Saturday, April 08, 2006

Election Day: The Crux Of Living Abroad permanent link   0 comments
So tomorrow is the big day, Election Day! My wife and I are going to the polling station early in the morning, its only a short walk away from our apartment, and then spend the rest of the day with family, discussing the 'maybe's and maybe not's'.
It is mandatory in Peru to vote. If you don't you pay a fine. If you are a Peruvian citizen and live somewhere abroad, you either pay the fine or you are in for a little countryside trip, and make sure you filled that tank in your car.

This article gives us a nice example of the crux of living abroad:
Thousands of Peruvians in New Jersey aren't just expected – they are required – to vote in their homeland's elections on Sunday.

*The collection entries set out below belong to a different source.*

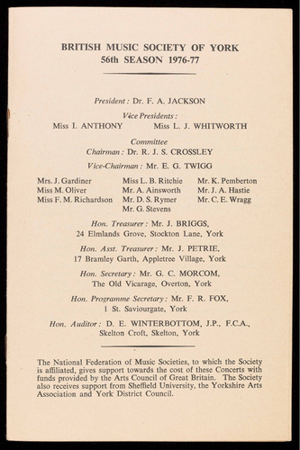 BRITISH MUSIC SOCIETY OF YORK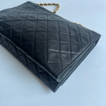 Chanel Vintage Flapbag With Gold Logo Closure Black Lambskin Leather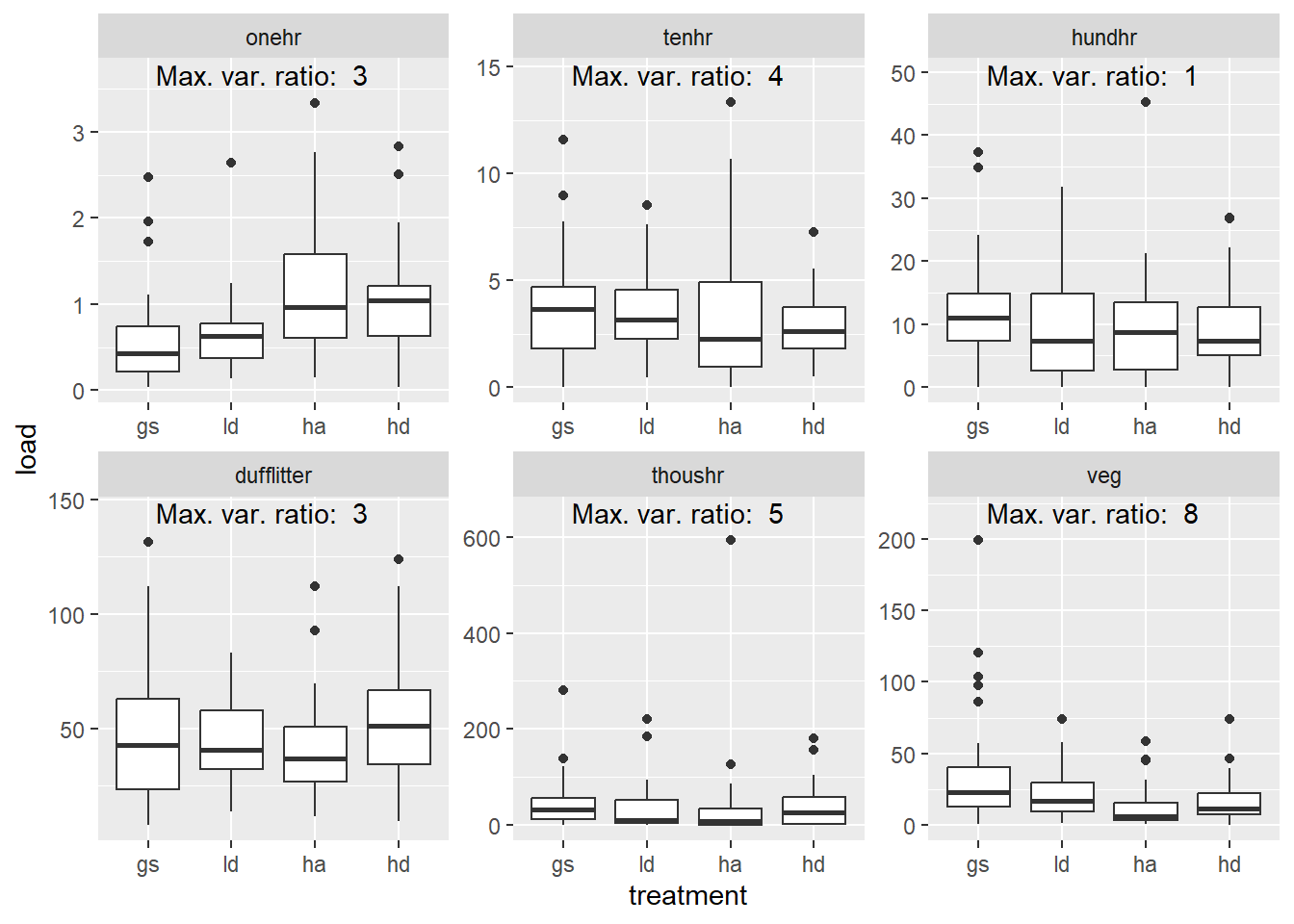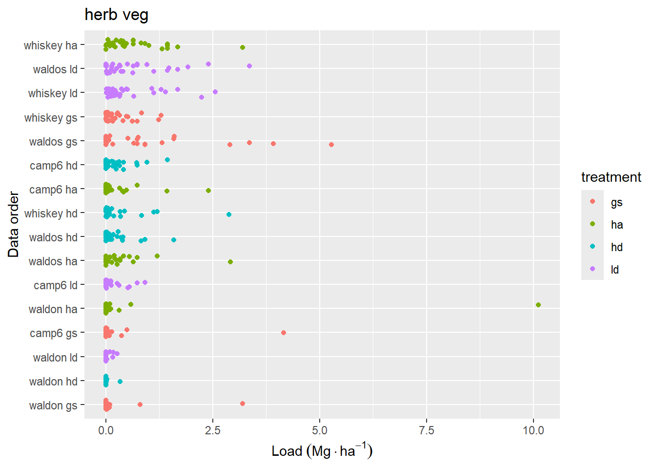 For further testing, I will summarize the data somewhat, by combining vegetation loading (woody and herb), and coarse woody loading (sound and rotten) into just two loading metrics. Now we have the following response variables:

And many of them aren't happy about it.

"It's abusive," said Daniel Jara, of Hackensack, who heads the statewide Hispanic Chamber of Commerce. "With all the money we send back to Peru, we are still treated like second-class citizens."

While some Peruvians view compulsory voting as a good idea to promote democracy, many resent the fines they are required to pay when they fail to vote, especially when their government doesn't provide accessible voting sites.

More than 24,000 Peruvians in New Jersey and Pennsylvania are eligible, but they all have a single polling site -- at Eastside High School in Paterson.

The issue is so pertinent that it motivated Jara, a Peruvian-American, to become the first person to run for the Peruvian Congress from abroad.